Pattern 1: Rabin-Karp String Matching

Find all occurrences of pattern $t$ in text $s$. Hash $t$, then slide a window of length $|t|$ over $s$ comparing hashes.

auto target = ht.query(0, m - 1);
for (int i = 0; i + m <= n; i++)
    if (hs.query(i, i + m - 1) == target)
        // match at position i

Problems: CF 271D, CF 126B

Pattern 2: Longest Common Substring via Binary Search + Hashing

Binary search on length $k$. For each $k$, hash all substrings of length $k$ from both strings, check for common hash in a set.

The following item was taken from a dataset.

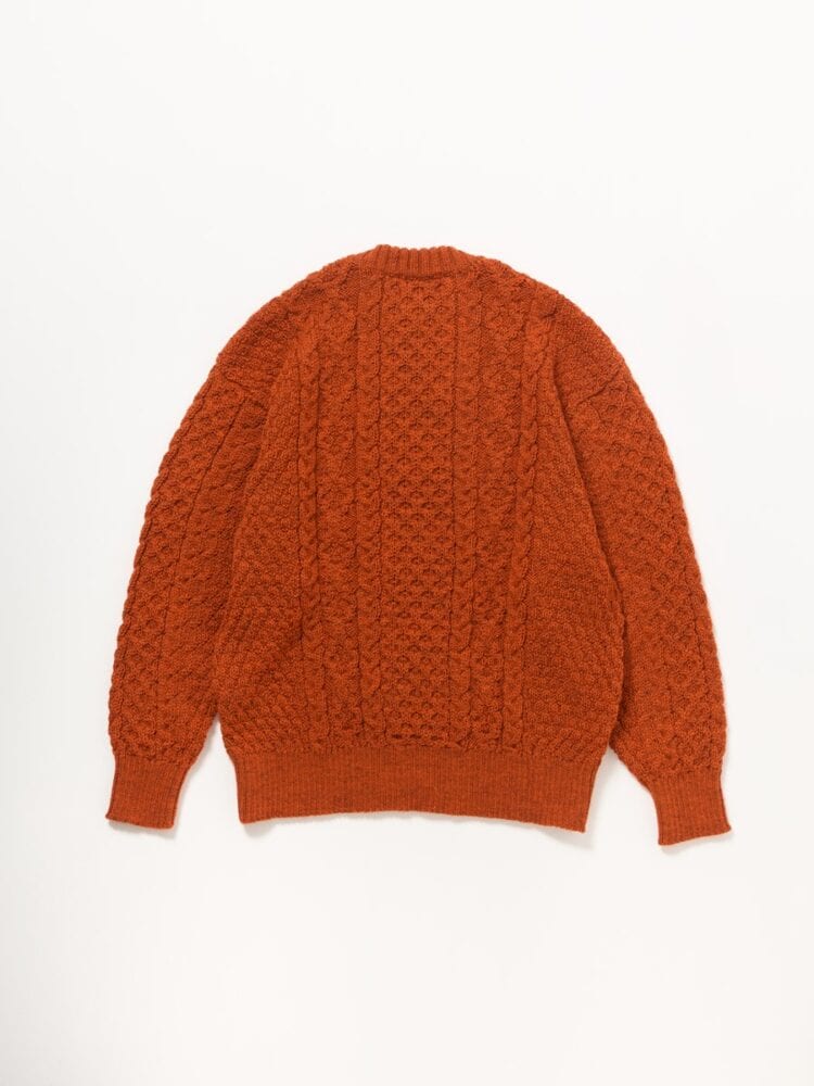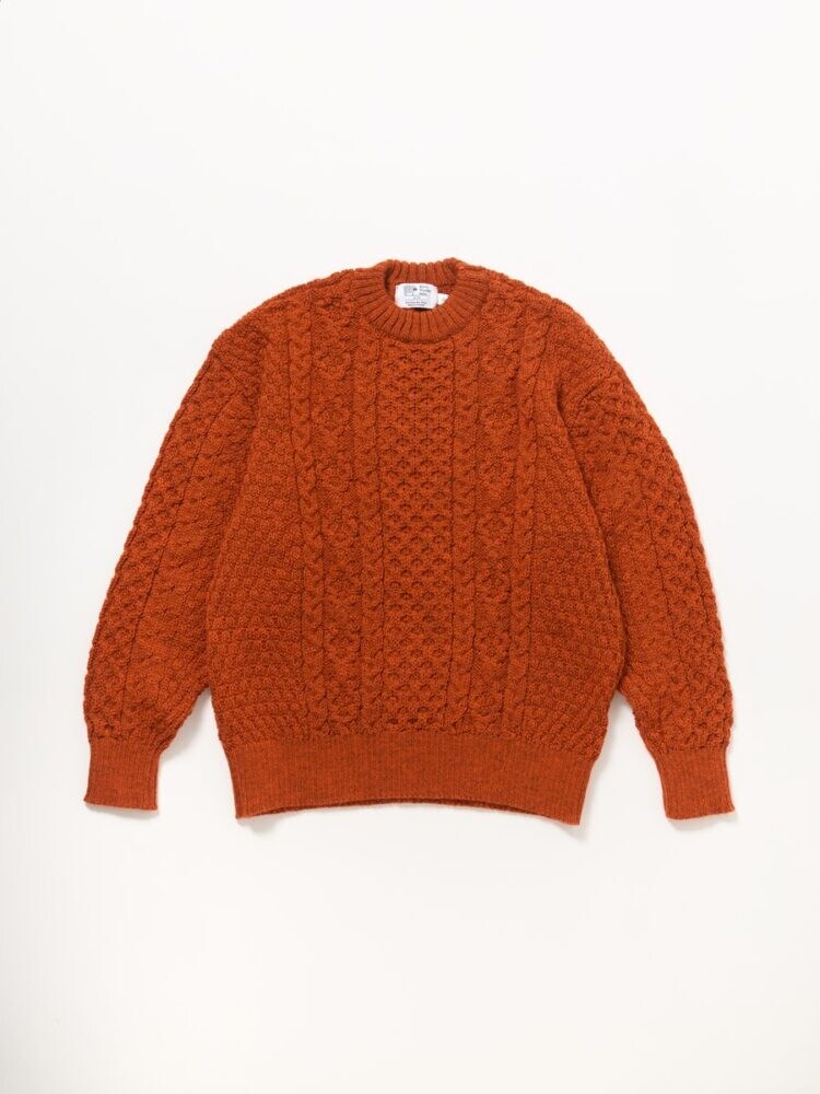 伝統のアランを、2ndだけのオレンジで。1760年創業という長い歴史を持つニットブランド「ケリーウーレンミルズ」。今もなおアイルランドのファクトリーで作られるブランド定番のアランセーターを、ありそうでなかったオレンジカラーで別注しました。

auto check = [&](int k) -> bool {
    unordered_set<long long> seen;
    for (int i = 0; i + k <= n; i++)
        seen.insert(combine(hs.query(i, i + k - 1)));
    for (int i = 0; i + k <= m; i++)
        if (seen.count(combine(ht.query(i, i + k - 1))))
            return true;
    return false;
};
// binary search on k in [0, min(n, m)]

Total: $O((n+m)\log min(n,m))$.

Problems: CF 580E

Pattern 3: Palindrome Check

A substring $s[l..r]$ is a palindrome iff its forward hash equals its reverse hash. Build hashes for both $s$ and $\text{reverse}(s)$.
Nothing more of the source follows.